Member of the Puerto Rico House of Representatives
- In office 1945–1952

Personal details
- Born: July 24, 1894 San Germán, Puerto Rico
- Died: December 8, 1982 (aged 88) San Germán, Puerto Rico
- Party: Popular Democratic Party
- Spouse: Angeles Poventud
- Children: Ubaldino Jose Angeles Jose Alfredo
- Occupation: Politician, Dentist

= Ubaldino Ramírez de Arellano =

Puerto Rican politician and basketball player

Ubaldino Ramírez de Arellano Quiñones was born in San Germán, Puerto Rico. He was a dentist and state legislator and he was known as the "Father of Basketball" in San German. His parents were José Ubaldino Ramírez de Arellano Lugo and María Matilde Quiñones Quiñones. While in university he joined Phi Sigma Alpha fraternity.

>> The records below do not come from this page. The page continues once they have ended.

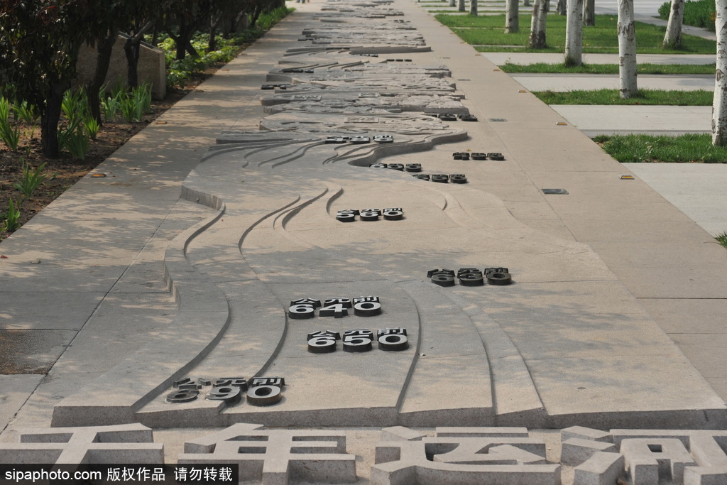 Moving forward, we see about five or six hundred meters of granite stone sculptures in the middle of the main road, called "Millennium Canal", recording the history of the canal.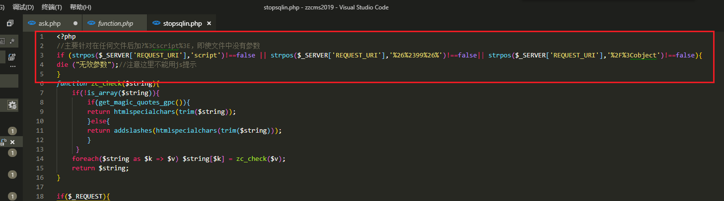 使用<sCrIpT>alert(/xss/)</ScRiPt>是因为在/inc/stopsqlin.php中有一段检测函数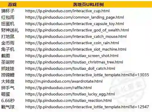 (互动游戏类广告落地页URL样例;数据来源:ADBUG)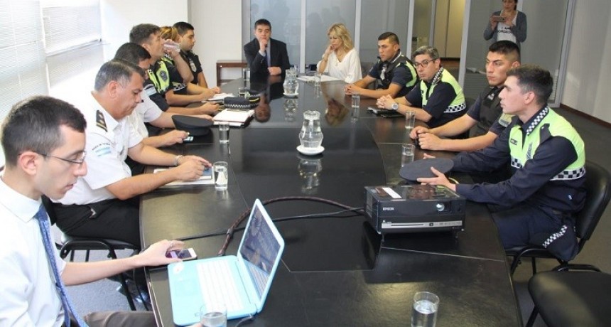 José Ardiles, subsecretario de Seguridad, y de Coordinación Institucional, Mariela Martín Domenichelli, mantuvieron una reunión de trabajo con efectivos de la Guardia Urbana, con el fin de intensificar el trabajo que se viene desarrollando en distintos barrios de la capital. Se llevara el programa relaciones con la comunidad al barrio Oeste II, ATE y Villa 9 de Julio

In his youth he played professional basketball. He was later the first president Liga Puertorriqueña de Baloncesto. He was a member of the Puerto Rico House of Representatives from 1945 till 1952.

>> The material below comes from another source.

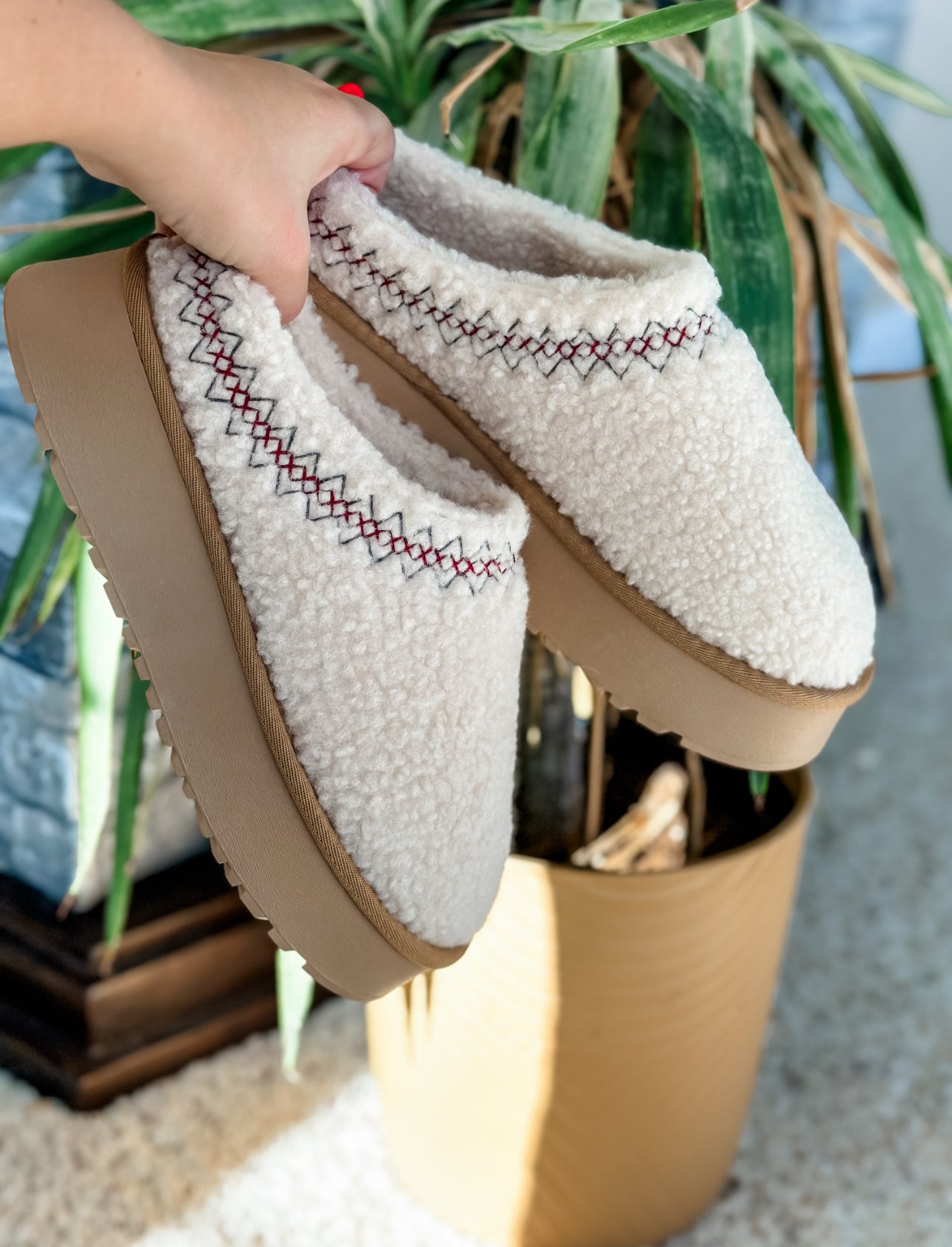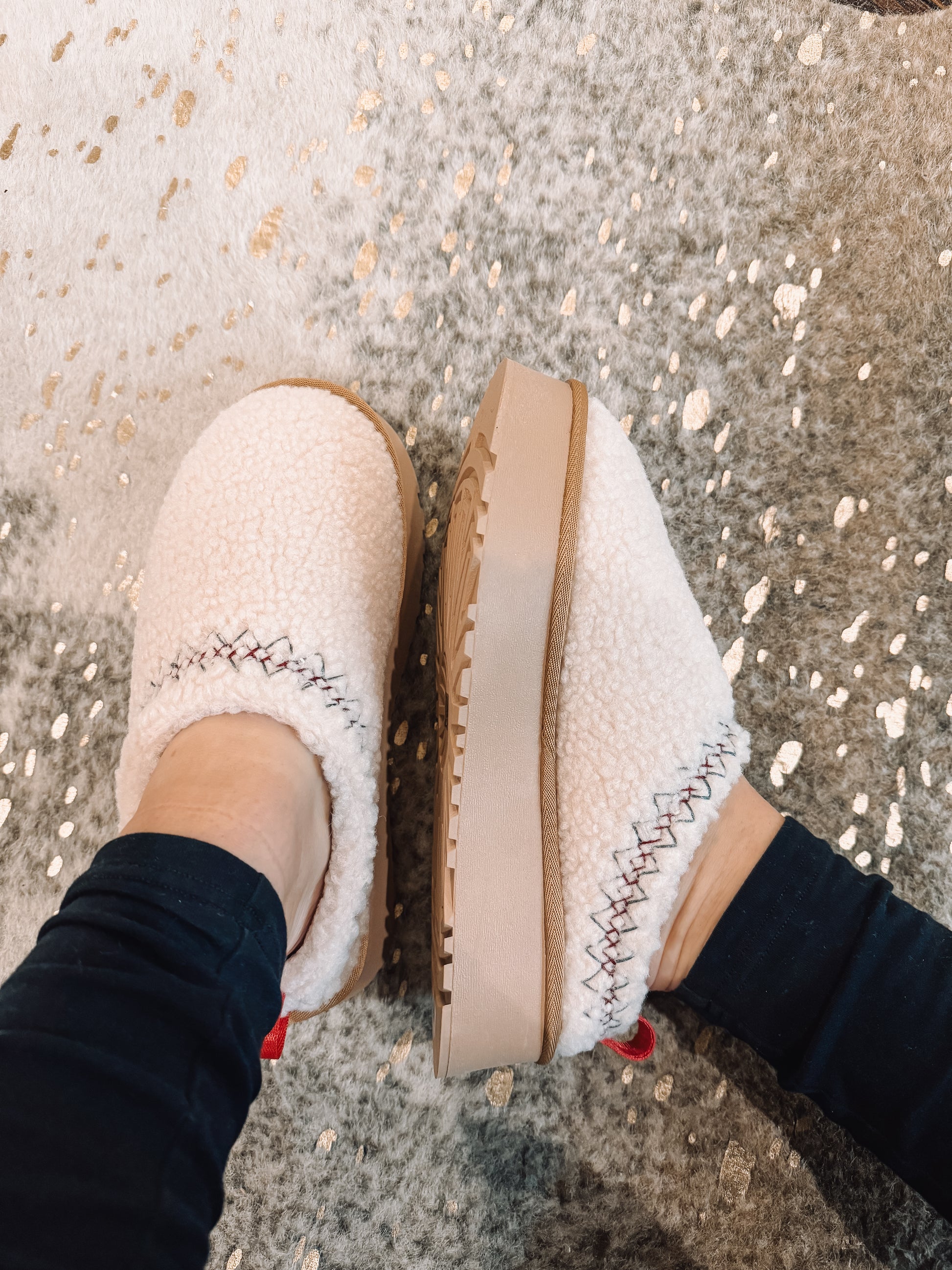 Stay trendy and warm this season with our Chill Mood Sherpa Slippers! This is not a want, but a need! Super soft and unbelievably warm, you'll love snuggling up your feet in these babies. We recommend sizing up.

In 1949 he and others such as James Edward McManus, Bishop of Ponce, and Senator Santiago R. Palmer achieved that, for the nominal price of one dollar, the church of Porta Coeli in San German be sold to the Government of Puerto Rico so that it be responsible for its safekeeping and preservation.

In 1951 he served in the Legislative Commission of the Constitutional Assembly that created the Constitution of Puerto Rico. He was also one of the signer of the Constitution of Puerto Rico.

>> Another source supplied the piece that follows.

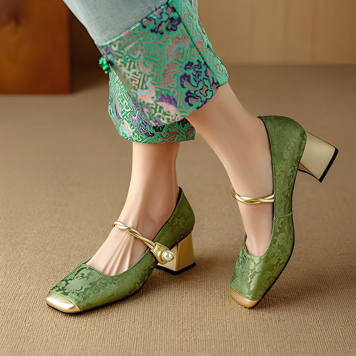 Evelyn - Elegantní, ražené hedvábné sandály na podpatku pro dámy

On March 8, 1956, he introduced Joint Resolution 3122 which allocated the funds during the 1956-57 fiscal year to cover the costs for planning and buying equipment to establish the University of Puerto Rico School of Dental Medicine. At the meeting of 24 May 1956, approved the resolution with a unanimous vote of 43 votes for and 0 against. This project was approved in the Senate of Puerto Rico without amendment on 30 May 1956. The adoption of the law occurred on 21 June 1956 with the signature of Governor Luis Muñoz Marín.

==Death==
Ubaldino Ramirez de Arellano died on December 8, 1982, at age 88. He was buried at Trujillo Cemetery in San Germán, Puerto Rico.

==Legacy==
There is a basketball court in San German that bears his name Cancha Ubaldino Ramírez de Arellano, the Atléticos de San Germán used to play there. He was amongst those mentioned for the nineteen-twenties by the "Comite de Sabios" of the BSN in 2008 that named the best Basketball players of Puerto Rico by decade.

==Personal life==
He married Angeles Poventud in Ponce Cathedral, Ponce, Puerto Rico. They had three children, Ubaldino Jose "Don Nino" Ramirez de Arellano, Angeles Ramirez de Arellano and Jose Alfredo Ramirez de Arellano.